# Dead Tivo HD w/ DVR Expander - Best Option???



## rz1224 (Jun 5, 2003)

Hi all! Bad news for my tivo hd today...It's got the original internal drive w/ the WD DVR Expander. After freezing up and rebooting often it has finally got itself stuck on the 'powering up' screen and will do no more... I'm assuming the hard drive is the problem. I've upgraded/repaired a half dozen series 2's but it's been awhile and the DVR Expander complicates things for me... Just wondering what you all think my best option should be..

I guess first of all, I don't know which drive is the problem--any way to find out without deleting everything? 

Assuming my internal drive is the problem is there any way for me to copy my internal drive to a new one & successfully marry it to the External without losing shows?

Barring that--perhaps move them all to a new larger internal drive?

Or would I just be better off buying a new drive & trying to marry the external to it afterward w/o saving any shows...

Thanks for the opinions guys...


----------



## lafos (Nov 8, 2004)

Check the connection on the eSATA drive cable and make sure that its seated. If you boot without the eSATA drive, does it get to the screen saying it can't find the external storage? If not, then the problem is likely inside the TiVo. If you do get to that screen, you can decide whether to bite the bullet and divorce the drive, losing most of your recordings. If the external drive is bad, you'll likely lose them anyway.

Good luck!


----------



## rz1224 (Jun 5, 2003)

Thanks for the reply Lafos. I do not get the external storage message--only the 'powering up' screen and there it stays. So can I assume that the internal drive is probably bad & the external one is fine?

That being the case I would think my best option would be to get a new internal drive, format it using InstantCake & then marry the external drive to it again using the WINMFS/MFSAdd. Don't think there is any way to avoid losing my recordings though is there?...
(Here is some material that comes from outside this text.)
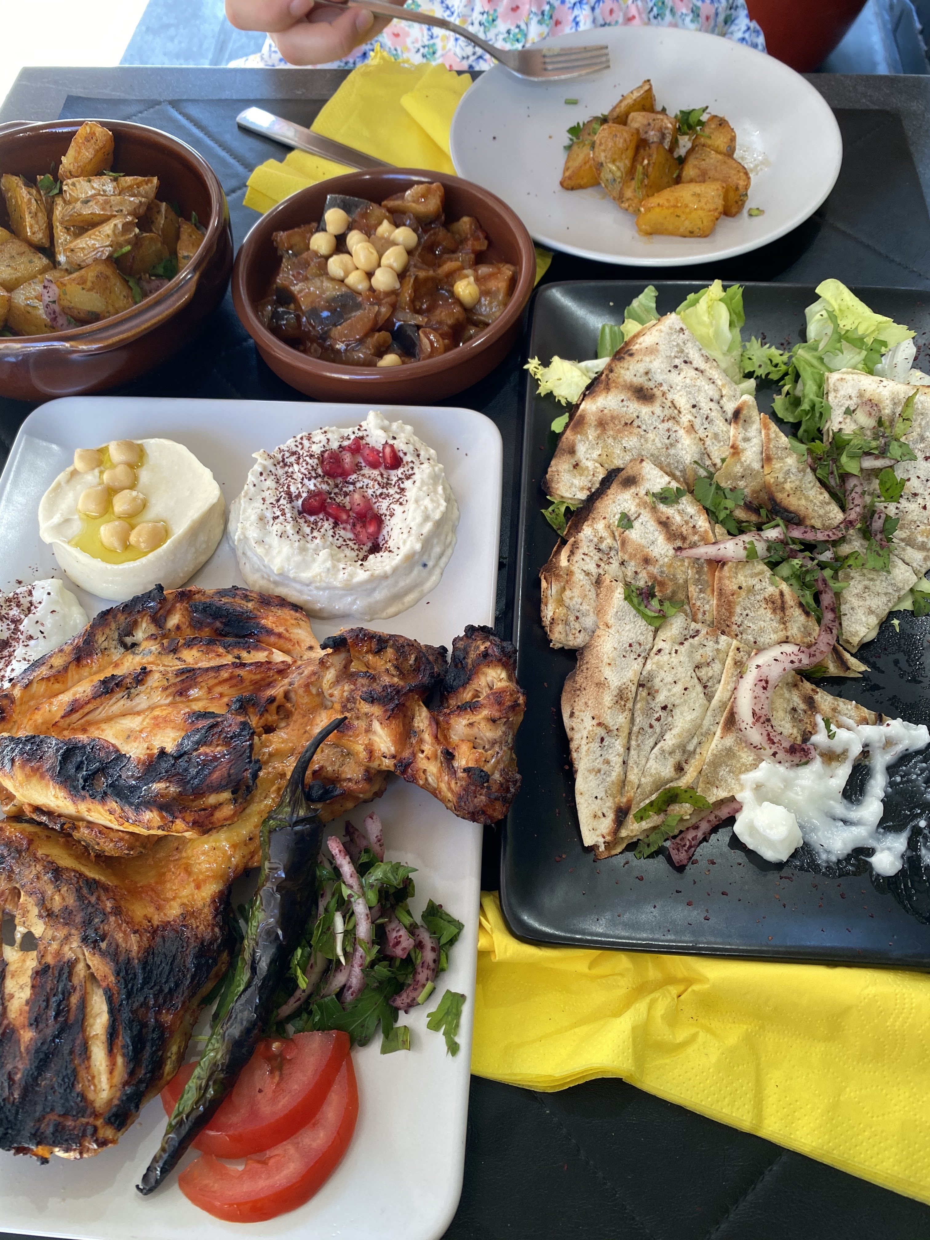 Avant d y aller, j avais vu des super remarques. J avoue être un peu déçu. J ai pris la moitié d un poulet braisé. Le poulet ressemblait plus à une caille vraiment très petit, la batata hara froide et pas beaucoup de goûts, le pain froid, le houmous est correct. Le service est aussi correct. Les prix sont un peu chère pour ce qui est proposé. Le port du masque est aussi optionnel ... Vraiment moyen.

If I bought a 1TB drive for the internal can I still add the DVR Expander's 500GB for a total of 1.5TB? I would assume that the instantcake drive would be considered 'modified' and I would have to use the "What is the method to add an eSATA drive if I previously upgraded my TiVo?" section of the how-to below even though it is a Tivo Supported External ESATA correct?

http://tivocommunity.com/tivo-vb/showthread.php?t=370784


----------



## lafos (Nov 8, 2004)

Well, if the TiVo won't boot, then your recordings are not accessible. I put a 1TB in my S3 and got 157 HD hours. If you want to use the DVR expander, then you'll have to use the process you described.


----------



## tjbx (Nov 4, 2007)

I'm in nearly the same boat though not quite as bad off. My tivohd has recently been behaving badly, slow menus, live tv freezing, shows not recording fully, etc. I know one of the disks is going bad. My system still boots fine and complains if I unplug the external drive so it's not clear which disk is the bad one. 

Is there anyway to save the recordings I have from the two disks onto the new 1TB disk? If not, is the best way to proceed to unmarry the two disks, then try to copy the internal drive to the new drive and expand it, then possibly re-add the external again?


----------